▶ **Activity**:
For this exercise, retype all the data exactly and exclude every image.

▶ **Records shown**:
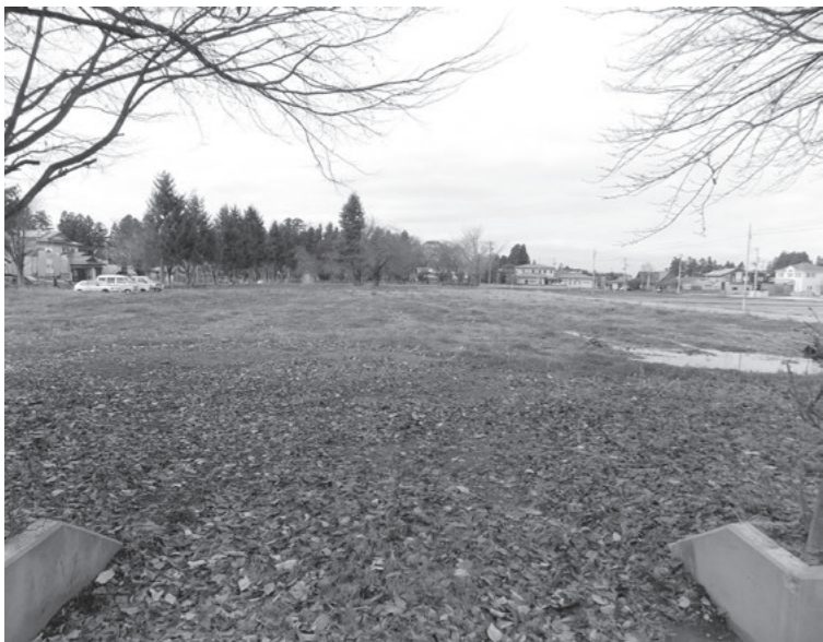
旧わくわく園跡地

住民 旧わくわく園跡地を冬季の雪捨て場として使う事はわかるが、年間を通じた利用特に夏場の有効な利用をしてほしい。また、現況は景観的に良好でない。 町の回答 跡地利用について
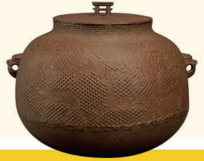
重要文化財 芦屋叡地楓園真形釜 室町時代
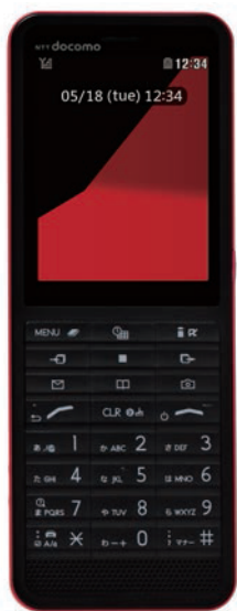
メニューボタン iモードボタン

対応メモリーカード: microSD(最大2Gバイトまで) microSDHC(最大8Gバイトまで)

▶ **Answer to this problem**:
旧わくわく園跡地

住民 旧わくわく園跡地を冬季の雪捨て場として使う事はわかるが、年間を通じた利用特に夏場の有効な利用をしてほしい。また、現況は景観的に良好でない。 町の回答 跡地利用について
重要文化財 芦屋叡地楓園真形釜 室町時代
メニューボタン iモードボタン

対応メモリーカード: microSD(最大2Gバイトまで) microSDHC(最大8Gバイトまで)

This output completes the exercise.